■ TASK DIRECTIONS:
Begin at the line below that has "除去通货膨胀影响的消费者开支". Stop after the line that has "ポムポムプリンとのコラボパッ", repeating each line exactly and leaving out the pictures.

■ DATASET EXTRACT:
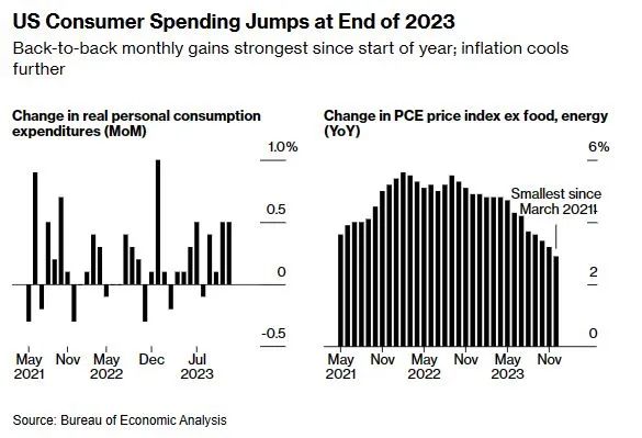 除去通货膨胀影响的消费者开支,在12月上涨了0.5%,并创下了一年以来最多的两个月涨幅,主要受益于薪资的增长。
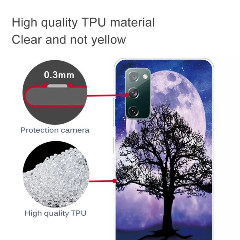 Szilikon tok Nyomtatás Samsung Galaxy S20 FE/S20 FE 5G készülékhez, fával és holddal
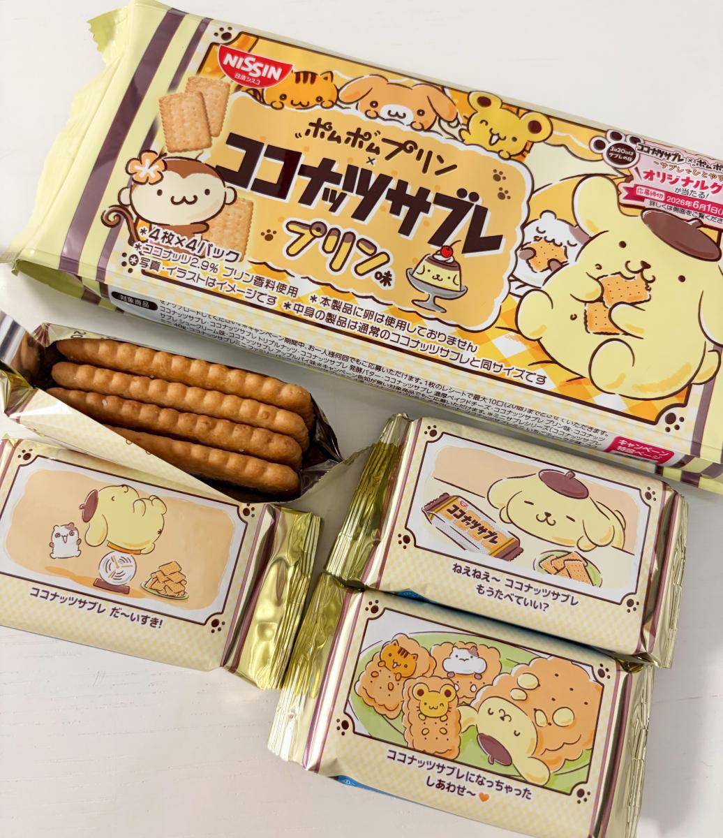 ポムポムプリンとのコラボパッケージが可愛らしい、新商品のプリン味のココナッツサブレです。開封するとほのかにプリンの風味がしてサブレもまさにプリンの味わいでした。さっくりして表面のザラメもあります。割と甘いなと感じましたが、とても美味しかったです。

* * *

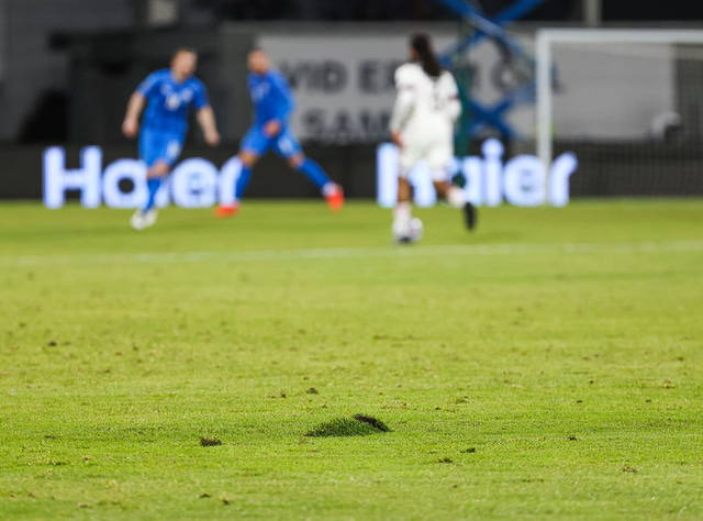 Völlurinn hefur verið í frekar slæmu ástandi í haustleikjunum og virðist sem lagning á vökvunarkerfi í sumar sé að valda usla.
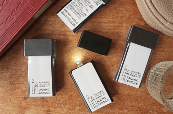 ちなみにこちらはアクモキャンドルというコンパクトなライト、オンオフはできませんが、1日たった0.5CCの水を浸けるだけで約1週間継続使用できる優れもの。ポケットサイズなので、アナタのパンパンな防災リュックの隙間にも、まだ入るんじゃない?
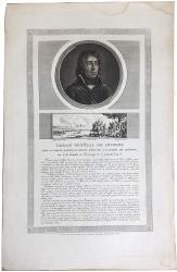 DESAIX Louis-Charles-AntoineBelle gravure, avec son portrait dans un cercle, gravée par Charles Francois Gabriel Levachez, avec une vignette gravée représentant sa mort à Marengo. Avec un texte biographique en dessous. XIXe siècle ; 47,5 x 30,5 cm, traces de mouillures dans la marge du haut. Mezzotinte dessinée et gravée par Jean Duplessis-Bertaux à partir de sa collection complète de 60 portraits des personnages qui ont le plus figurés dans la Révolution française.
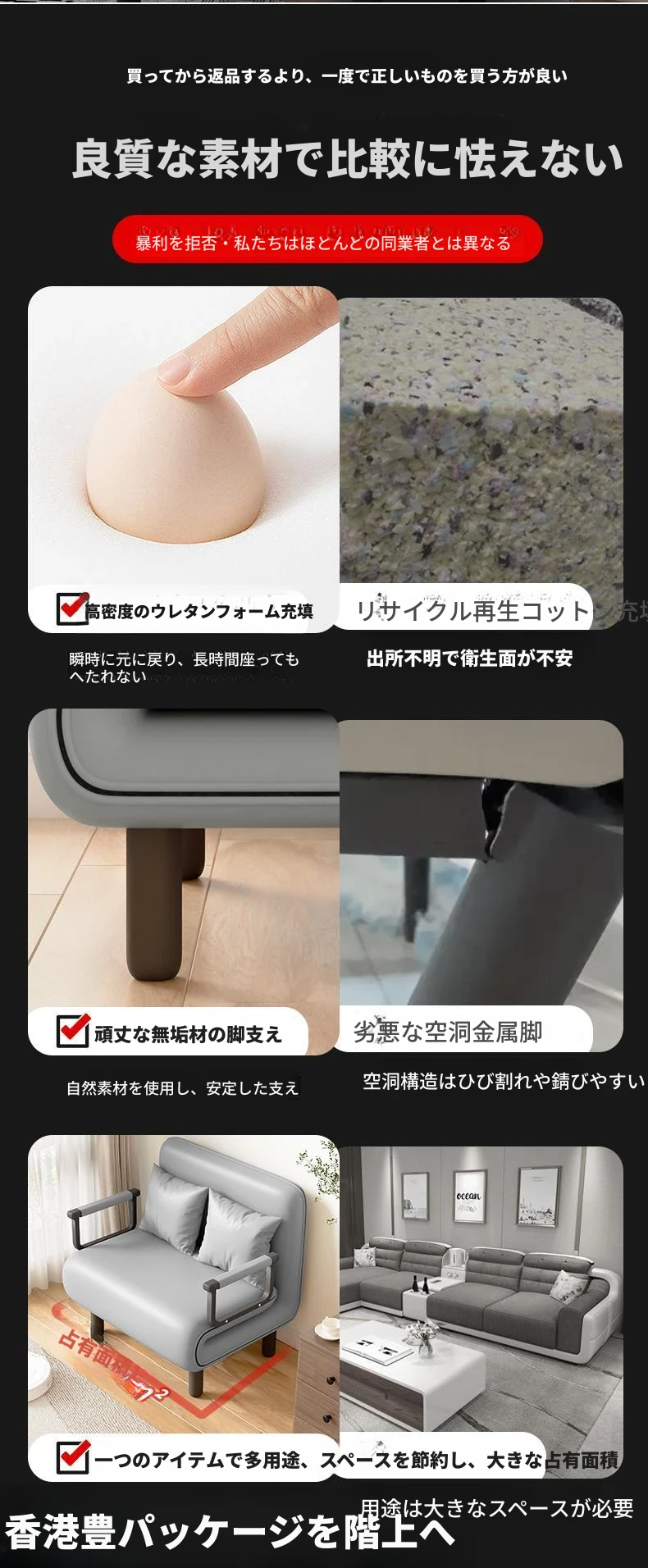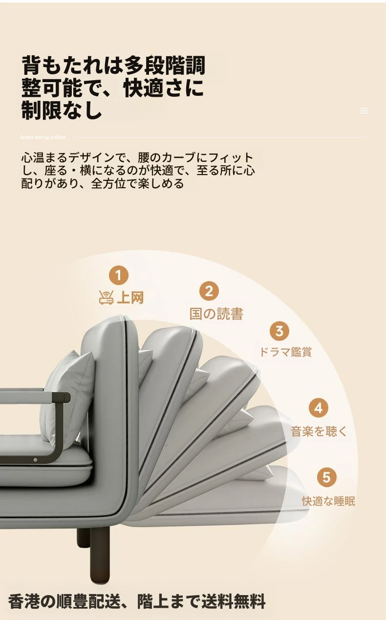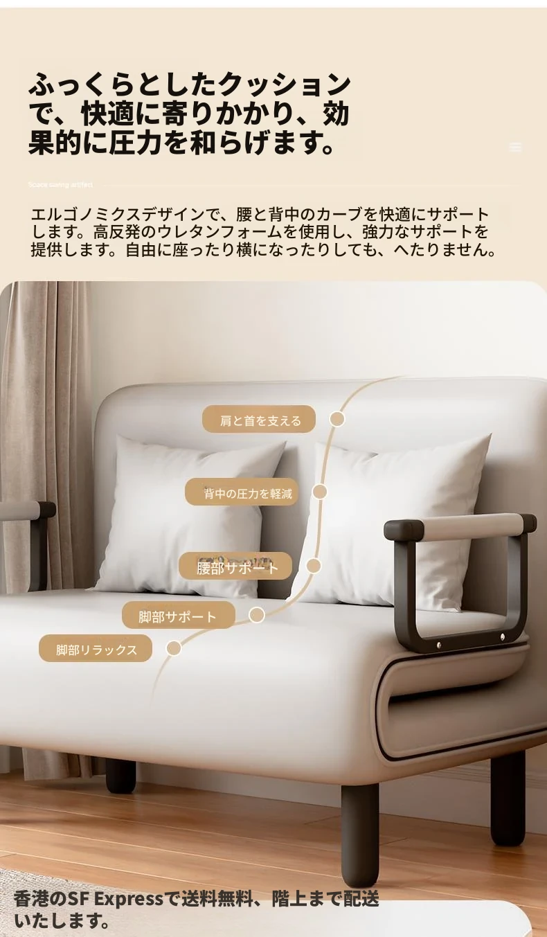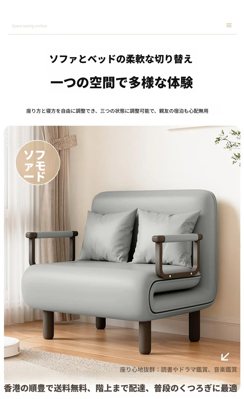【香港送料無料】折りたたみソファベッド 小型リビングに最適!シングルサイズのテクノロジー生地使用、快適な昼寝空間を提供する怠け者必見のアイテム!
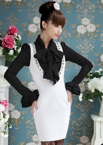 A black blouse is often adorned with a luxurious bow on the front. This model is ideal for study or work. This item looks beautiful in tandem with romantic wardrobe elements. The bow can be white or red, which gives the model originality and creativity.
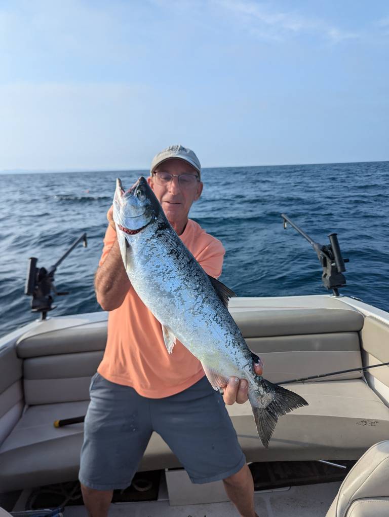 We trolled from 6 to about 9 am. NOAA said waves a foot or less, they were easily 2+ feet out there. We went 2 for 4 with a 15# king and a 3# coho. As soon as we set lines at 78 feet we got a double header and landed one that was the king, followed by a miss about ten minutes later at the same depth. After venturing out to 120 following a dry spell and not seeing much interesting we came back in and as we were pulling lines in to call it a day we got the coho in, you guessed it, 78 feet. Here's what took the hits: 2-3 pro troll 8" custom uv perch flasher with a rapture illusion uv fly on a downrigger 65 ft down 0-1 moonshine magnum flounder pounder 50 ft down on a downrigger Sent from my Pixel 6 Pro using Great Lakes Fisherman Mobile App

■ TASK RESPONSE:
 除去通货膨胀影响的消费者开支,在12月上涨了0.5%,并创下了一年以来最多的两个月涨幅,主要受益于薪资的增长。
 Szilikon tok Nyomtatás Samsung Galaxy S20 FE/S20 FE 5G készülékhez, fával és holddal
 ポムポムプリンとのコラボパッケージが可愛らしい、新商品のプリン味のココナッツサブレです。開封するとほのかにプリンの風味がしてサブレもまさにプリンの味わいでした。さっくりして表面のザラメもあります。割と甘いなと感じましたが、とても美味しかったです。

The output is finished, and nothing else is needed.